Greffier lors des débats et du prononcé : Laurie-Anne DUCASSE, Greffière.
JUGEMENT
Prononcé en premier ressort, par décision contradictoire et mise à disposition au greffe du tribunal conformément à l’avis donné à l’issue des débats.
EXPOSE DU LITIGE
M. [L] [S] est salarié de la SAS [15].
Le 22 avril 2021, il a été victime d’un malaise sur son lieu de travail et pendant ses horaires de travail.
Il a subi un arrêt de travail initial allant jusqu’au 27 avril 2021.
Le même jour, la SAS [15] a procédé à une déclaration d’accident du travail auprès de la [7] (ci-après [10]) de Seine [Localité 17].
Cette déclaration précisait que, suite à son malaise, ce dernier présentait des lésions à la tête ou au cou, coté droit, et qu’il avait été transporté à l’hôpital.
Le 28 Avril 2021, elle a adressé un courrier de réserves à la [10] dans lequel elle faisait part des soucis de santé de son salarié qui seraient, selon elle, la cause de son malaise et des lésions qu’il a subis.
Après une instruction contradictoire, dont les parties avaient été informées, la [11] a, par décision du 9 août 2021, décidé de prendre en charge cet accident au titre de la législation sur les accidents du travail.

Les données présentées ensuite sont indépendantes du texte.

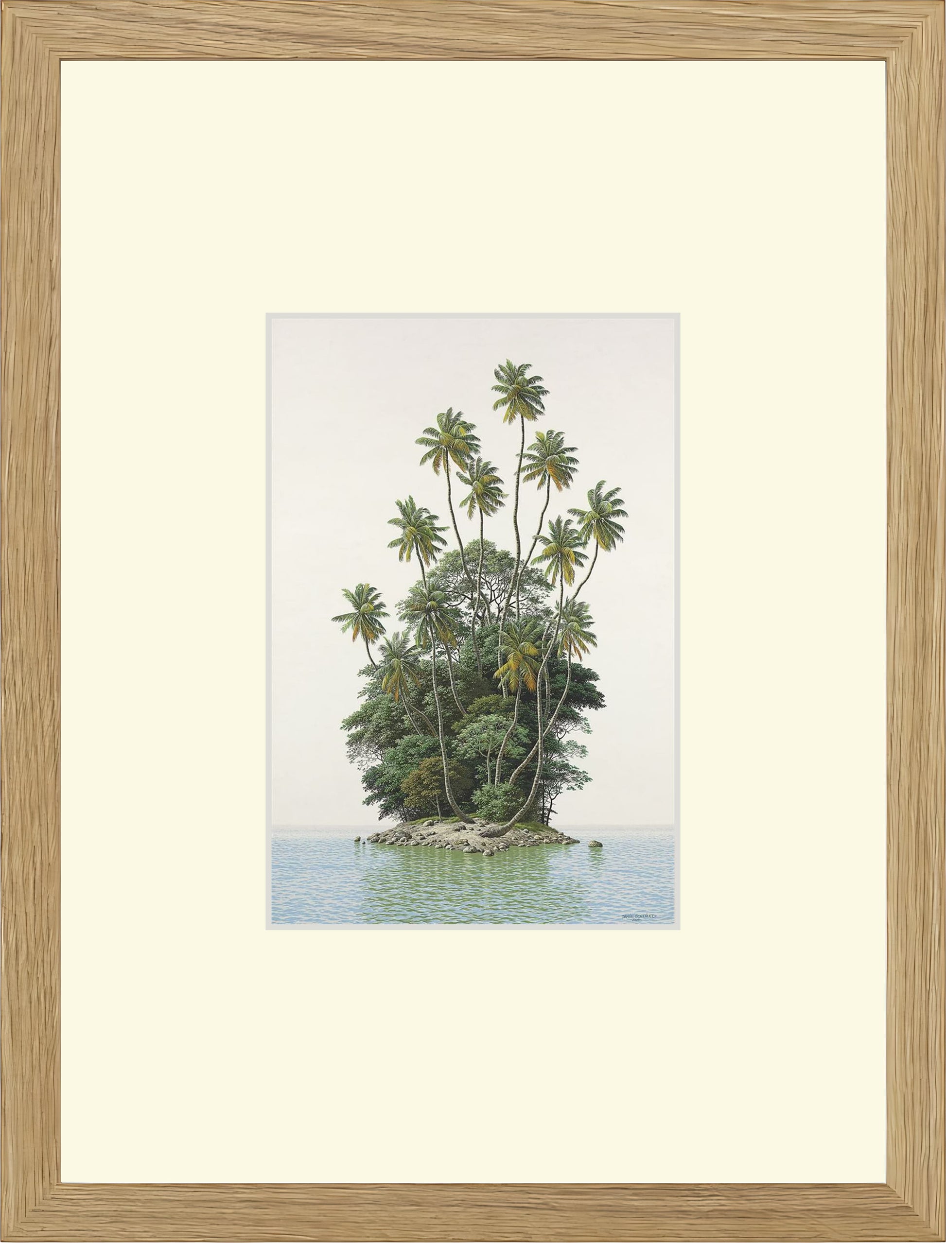 Though rendered with precise detail, the scene nudges toward the atmospheric. The height of the palms, their gentle lean, and the quiet water around them give the island a sense of serene self-containment, as if it exists slightly outside time. It becomes a symbol of retreat, of the small corners of the world where stillness gathers and the mind is invited to breathe a little slower.

La SAS [15] a contesté cette décision devant la Commission de Recours Amiable (ci-après [12]) ainsi que devant la Commission Médicale de Recours Amiable ([9]), le 11 octobre 2021.
Faute de réponse de leur part dans les délais impartis, la SAS [15] a saisi le tribunal judiciaire de Nanterre d’une contestation de la décision de la [11] du 9 août 2021 et demandait qu’elle lui soit déclarée inopposable.
A l’audience du 15 septembre 2025, la SAS [15] a, par la voix de son conseil, maintenu, à titre principal, sa demande d’inopposabilité de cette décision au motif que le malaise subi par M. [S] était sans aucun lien avec le travail effectué.
A titre subsidiaire, elle a sollicité le prononcé de cette inopposabilité soutenant que la [10] n’avait pas effectué “une enquête suffisante et loyale conformément à l’article R.441-8-I du code de la sécurité sociale”.
A titre infiniment subsidiaire, elle a demandé que soit ordonnée, avant dire-droit, une expertise judiciaire afin de déterminer les causes du malaise subi par M. [S].
Elle a également sollicité qu’il soit fait injonction à la [11] de communiquer “l’ensemble des éléments médicaux du dossier” de M [S] à l’expert qui sera désigné ainsi qu’à son médecin-conseil.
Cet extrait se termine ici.